### TASK DETAILS
One exact copy of the listing is needed. It should contain no pictures.

### DATA SECTION
--------------------------------------------------
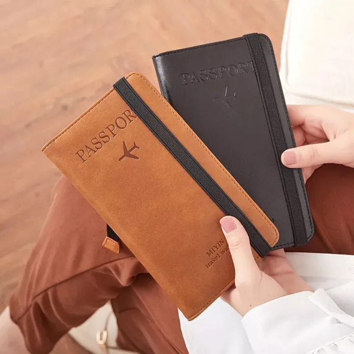 Multifunctional Leather Travel Bag Wallet Ticket Holder Organizer Case with Zipper Fashionable Passport Bag
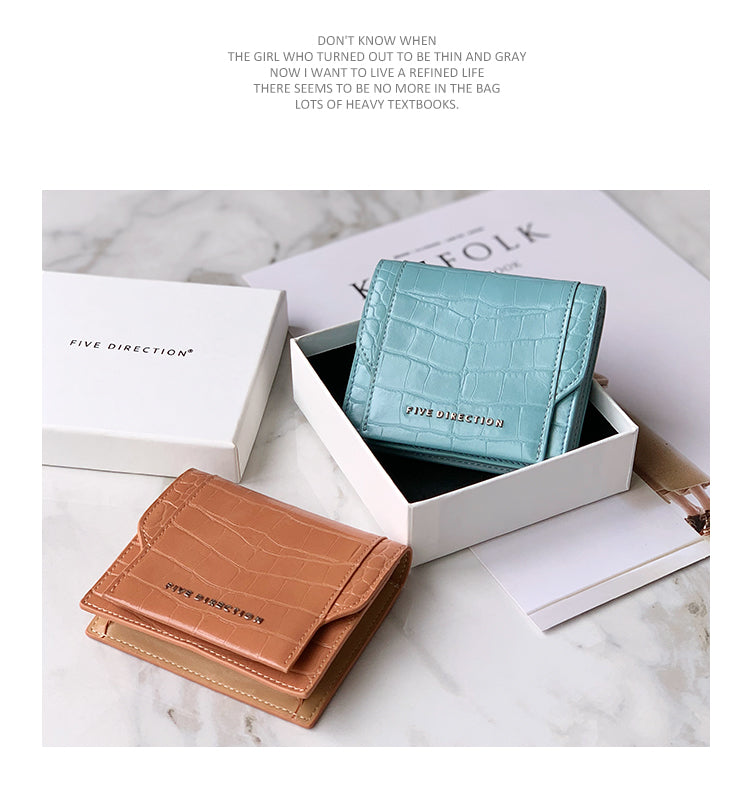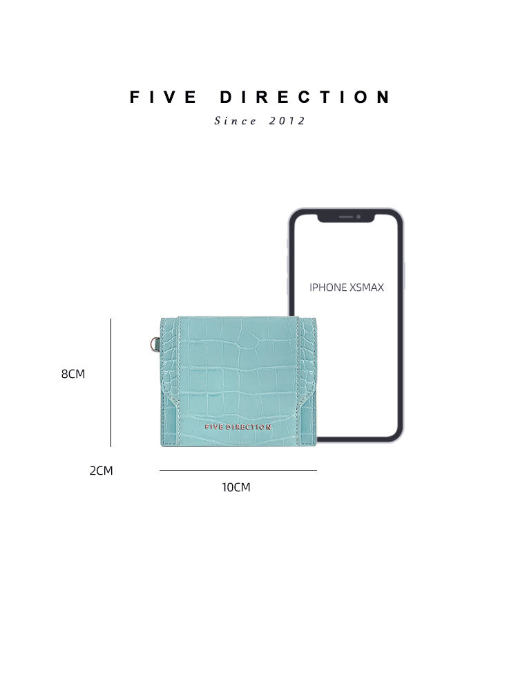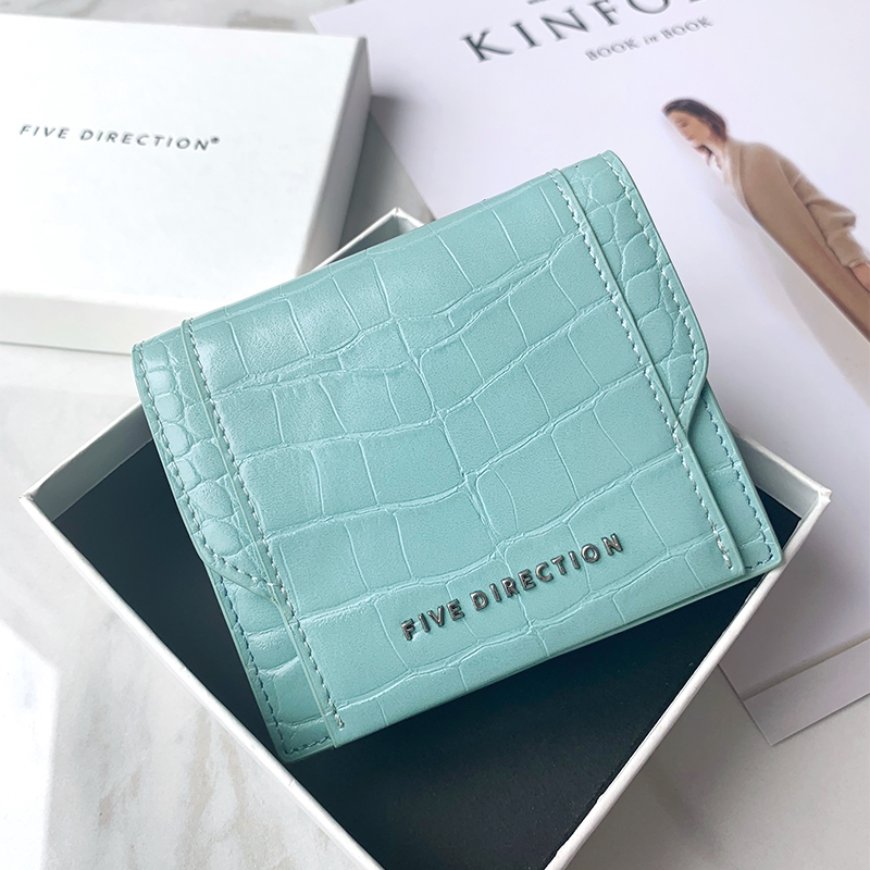 Style: Cute Women Mint Green Vegan Leather Small Card Holder Crocodile Pattern Card Wallets Slim Change Wallet For Women
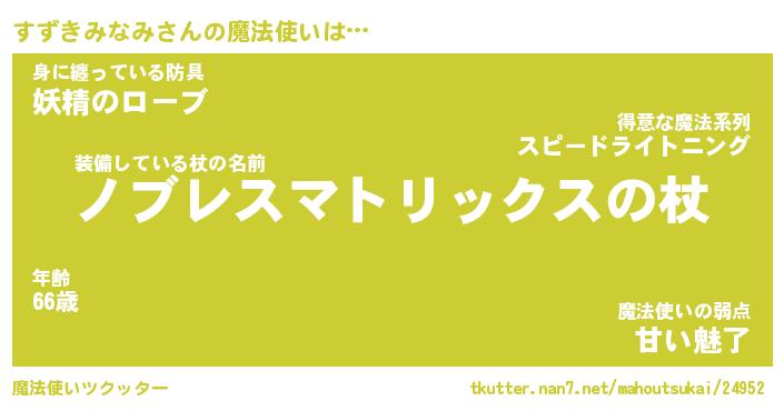 | ファンタジー風あだ名 | 『スズフェル』『ファントムスズス』 |
--------------------------------------------------
### RESPONSE AREA
 Multifunctional Leather Travel Bag Wallet Ticket Holder Organizer Case with Zipper Fashionable Passport Bag
 Style: Cute Women Mint Green Vegan Leather Small Card Holder Crocodile Pattern Card Wallets Slim Change Wallet For Women
 | ファンタジー風あだ名 | 『スズフェル』『ファントムスズス』 |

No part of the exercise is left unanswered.